Leaders in the School District of Manatee County are looking into restorative justice, an approach toward discipline that emphasizes understanding the motivations behind misbehavior and building relationships with students.
Leaders in the School District of Manatee County are looking into restorative justice, an approach toward discipline that emphasizes understanding the motivations behind misbehavior and building relationships with students.

The School District of Manatee County is exploring a new approach to student discipline.

On Thursday, almost every middle school and high school principal and several elementary school principals gathered at the Manatee Community Foundation for a day-long training on “restorative justice,” an alternative approach toward student discipline that emphasizes building relationships with students and understanding the motives behind behavior.

“There’s always a reason why someone is behaving the way they are behaving,” Lee Rush, an instructor with the International Institute for Restorative Practices, told the room full of administrators.

The philosophy encourages teachers and administrators to talk more with students. Rather than simply doling out punishment, seek to understand why the student did what they did. Explain to them how it impacted the class and the teacher. Suspend less, seek to understand.

“It’s a whole different mentality. Schools have become very punitive, and we are looking at changing that paradigm and dynamic to one that is more restorative and more dynamic,” said Sandra Pavelka, an associate professor at Florida Gulf Coast University and the director of the Institute for Youth & Justice Studies who attended the session.

One of the key strategies with Restorative Justice is sitting down with disruptive students and asking them questions.

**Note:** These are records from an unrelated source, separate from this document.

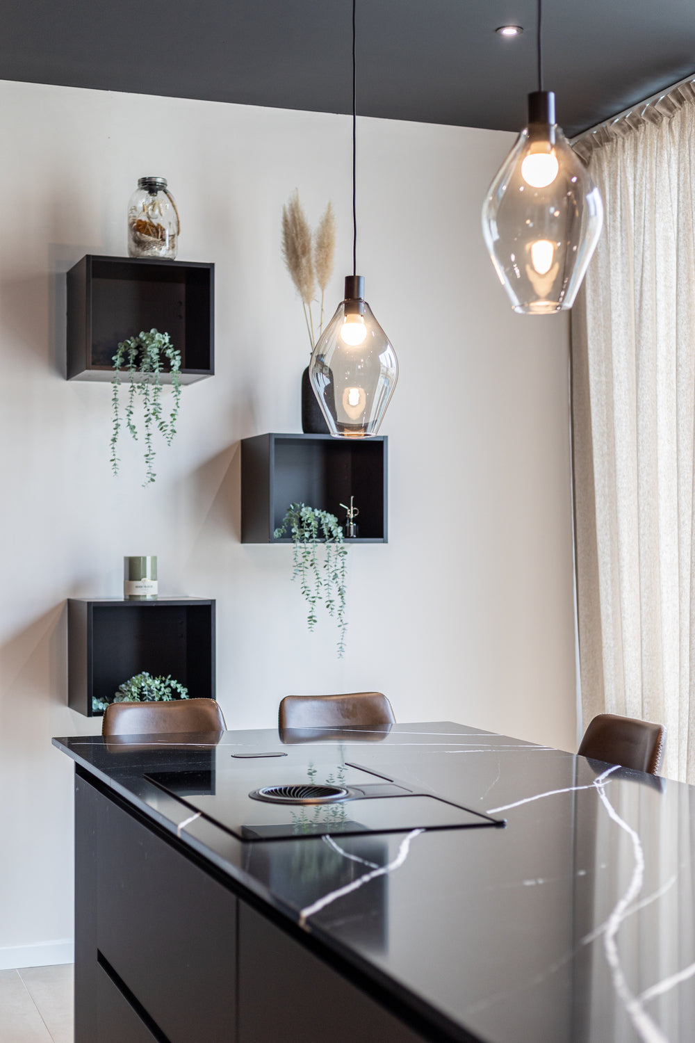 C'est dans une grange située à La Couronne que nos clients ont entrepris de lourds travaux de rénovation. Cette demeure devait intégrer un style contemporain aux lignes épurées, minimalistes. Le mélange des matériaux haut de gamme a pris vie dans un espace très lumineux grâce aux grandes baies mettant en valeur l'omniprésence du noir. Les cubes décoratifs cassent ce côté très linéaire de l'agencement. Tous les éléments s'immiscent discrètement dans le décor de cette cuisine Full Black, y compris l'électroménager et le sanitaire.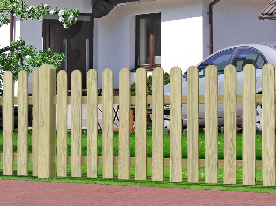Das Hauptelement besteht komplett aus Kiefer druckimprägniert grün. Dieses Nadelholz wird durch die Druckimprägnierung deutlich widerstandsfähiger gegen Feuchtigkeit und Witterungseinflüsse. Die insgesamt 13 senkrecht angeordneten Zaunlatten sind gehobelt und gefast, wodurch eine glatte, angenehm zu berührende Oberfläche entsteht. Die an den Oberseiten gerundet ausgeführten Lattenköpfe reduzieren Schmutz- und Wasseransammlungen und lassen das Hauptelement optisch gefällig wirken. Die Querleisten sind ebenfalls aus druckimprägnierter Kiefer gefertigt und sorgen durch ihre solide Ausführung für eine verlässliche Verbindung der Latten. In Kombination mit optional erhältlichem Zubehör wie Zaunbeschlag Edelstahl 4er-Set und Maschinenschraube 10x110mm - verzinkt mit Mutter entsteht ein stabiler und langlebiger Aufbau.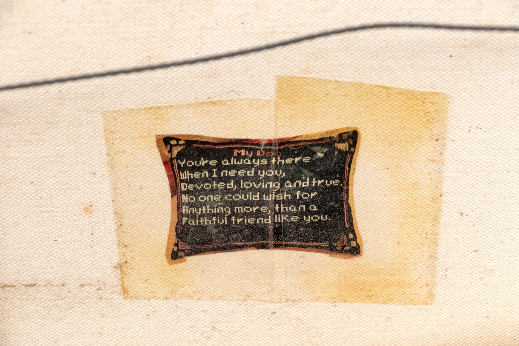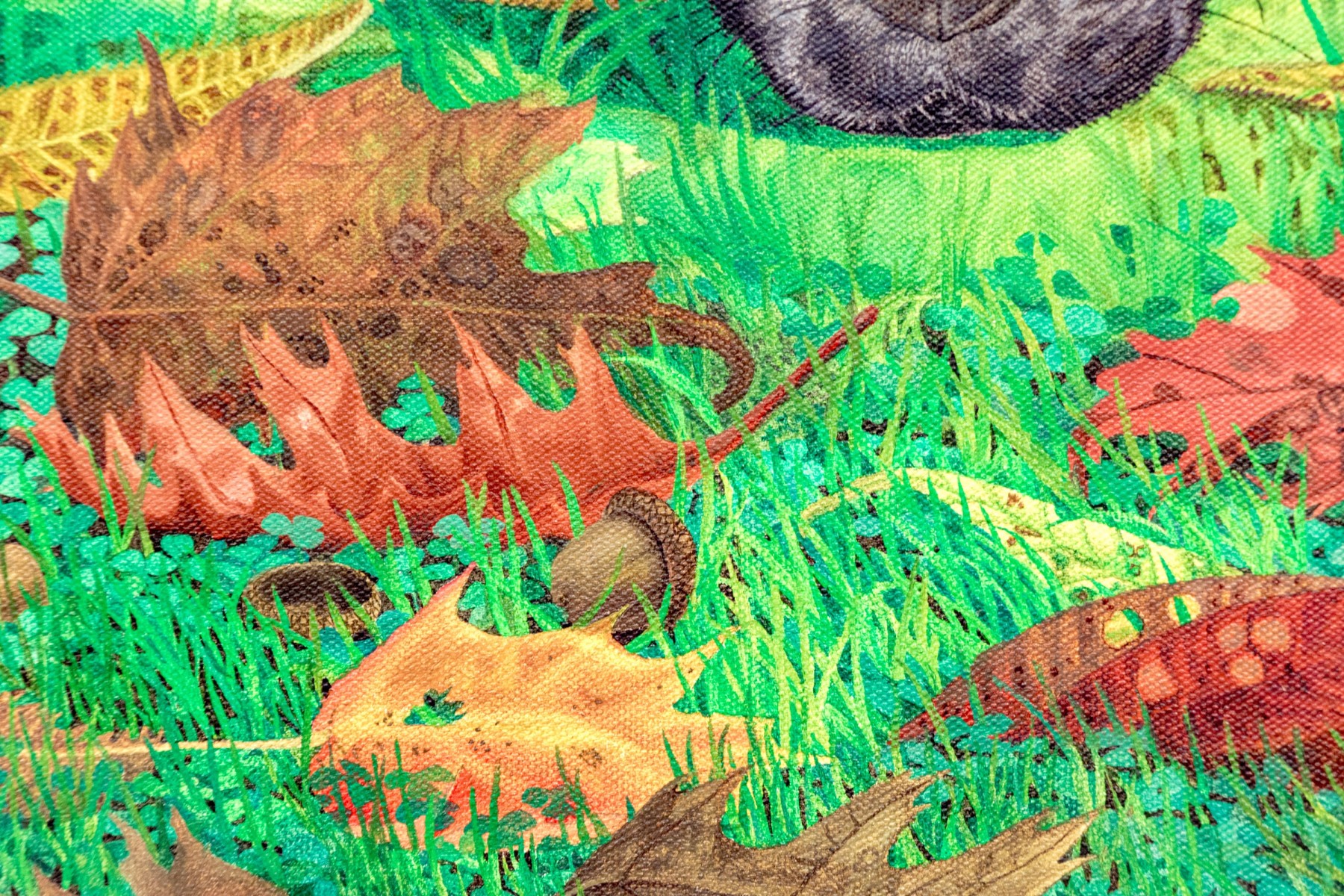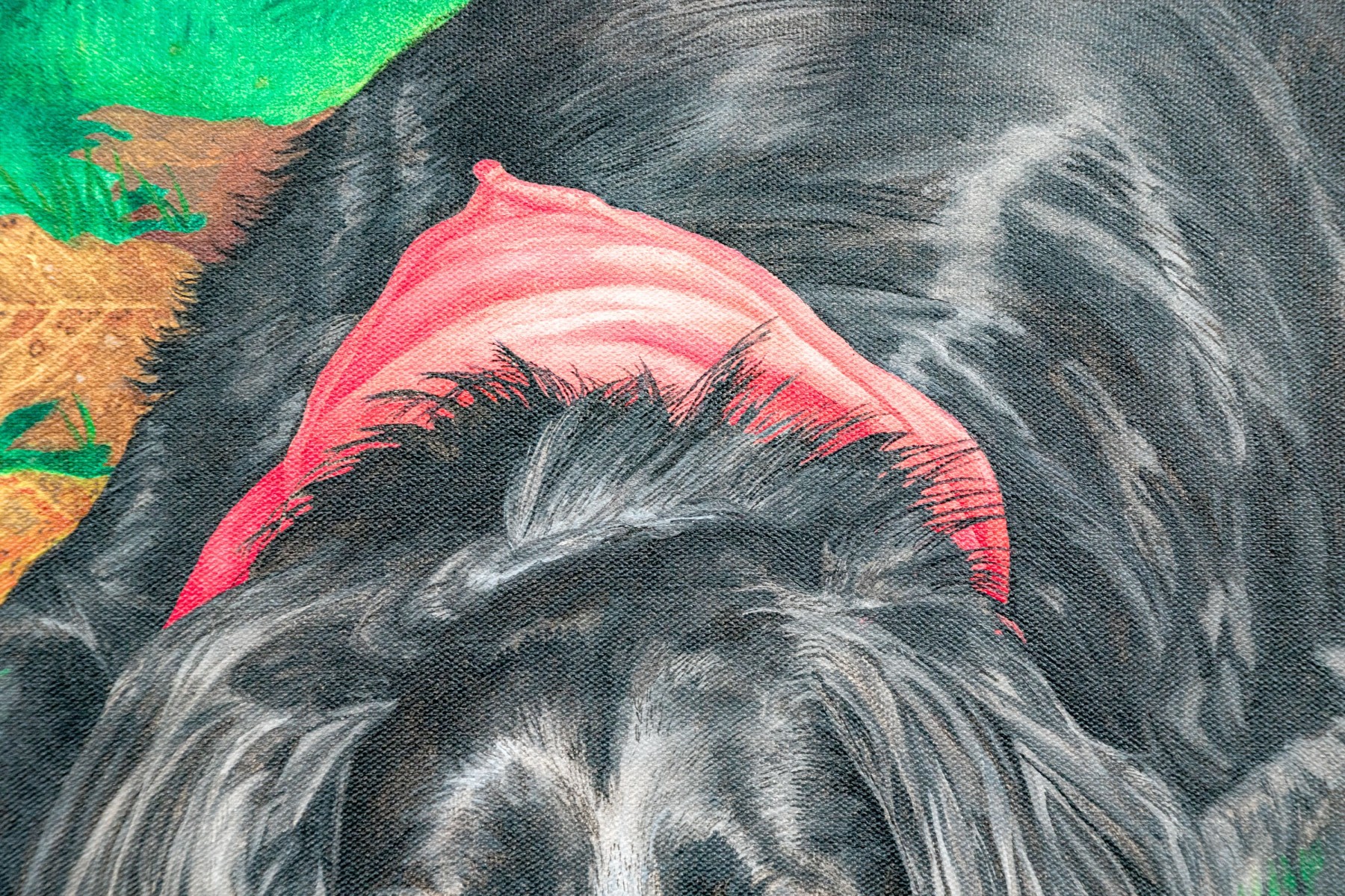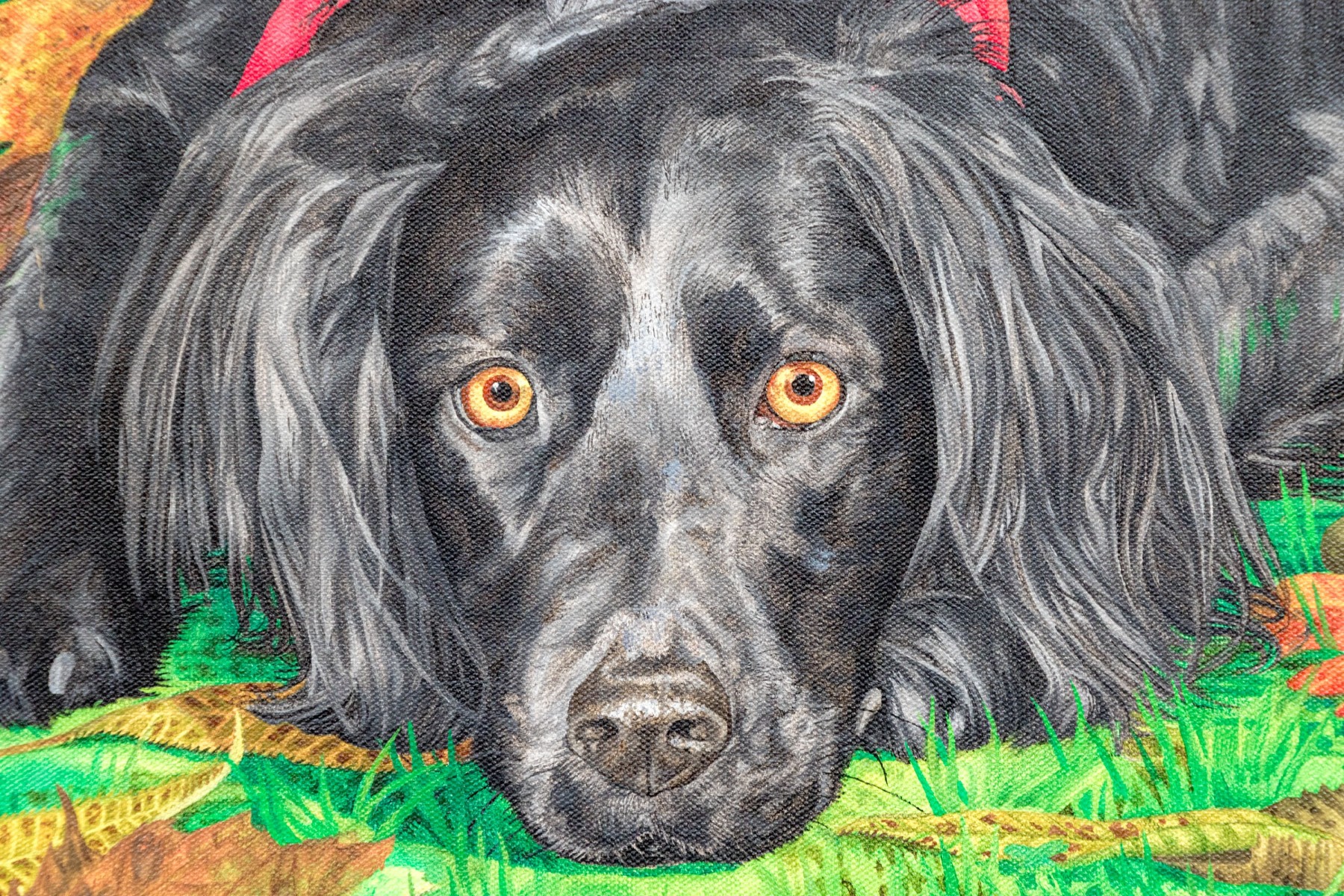 Stephen Brown Robie (American [MA], b. 19534) oil painting on canvas depicting a portrait of a dog with shiny black fur, long floppy ears, and striking amber eyes wearing a red bandana while resting on a vibrant green grassy field dotted with autumnal red and orange foliage with acorns. Signed and dated 1984 lower right.
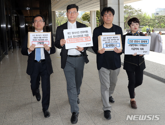 【서울=뉴시스】이윤청 수습기자 = 참여연대가 효성 총수일가의 횡령 혐의 고발 및 탈세 제보를 위해 30일 서울 서초구 서울중앙지방검찰청으로 향하며 발언하고 있다. 2019.04.30.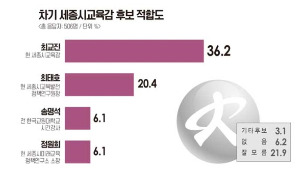 6·13지방선거에 출마하는 차기 세종특별자치시 교육감장 후보 가운데 누가 가장 적합한가를 묻는 ‘차기 세종시 교육감 후보 적합도’ 조사에서 최교진 후보(현 세종시교육감)가 36.2%로 1위를 차지했다.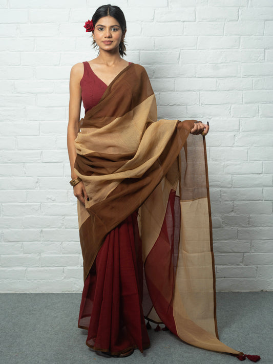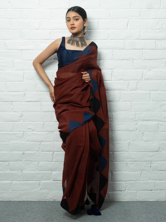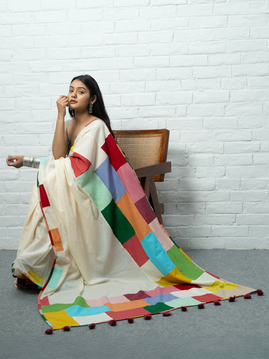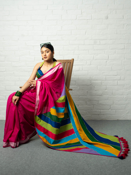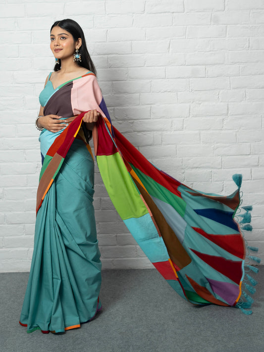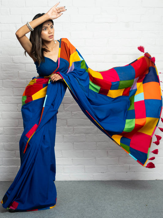 Pure cotton, simple, elegant, easy to carry and such vibrant colours. There's nothing to not like about this saree. And I love the fact that it's made our of katran (small unused pieces of clothing which would otherwise have gone to waste). Can match with any contrast blouse and wear on different occasions

A business card lists a series of suggested questions for a teacher or administrator dealing with misbehavior.

▪  “What were you thinking at the time?”

▪  “Who has been affected by what you have done? In what way?”

▪  “What do you need to do to make things right?”

Teachers are encouraged to open themselves up to students more and to explain, within the appropriate boundaries, how they feel.

“This takes a little bit more time. It does take a little bit more time, but in the long run, teachers and students gain the understanding, build the relationships and understand moving forward what it means to build a stronger school community,” Pavelka said.

Director of Student Services Willie Clark said district leaders are “very interested” in learning more about the practice. He said using restorative justice would not mean students no longer get suspended or expelled, but it could lead to changes.

“I didn’t hear them say it means you don’t give a consequence, but it just may be a different consequence,” he said.

Clark said he still had questions about how the program could best be implemented in the midst of managing a classroom of children, but he said he wanted to learn more.

“You’re in a class and you’re teaching. You can’t stop teaching and do restorative justice right there, so it may mean that has to happen in a different setting,” Clark said. “I’ve got to see how that plays out. I want to hear about how other districts are doing it.”

School Board of Manatee County Chairman Charlie Kennedy has been an advocate for exploring the approach. A former history teacher, Kennedy said he thinks the philosophy would be most effective in schools with high numbers of students being suspended and referred. And he said the approach wasn’t aimed at lowering the number of students receiving consequences.

“It’s not about data, it’s not about making our data look better,” Kennedy said. “It’s about improving our relationships with kids and making their relationships better. And then hopefully they take that home with them.”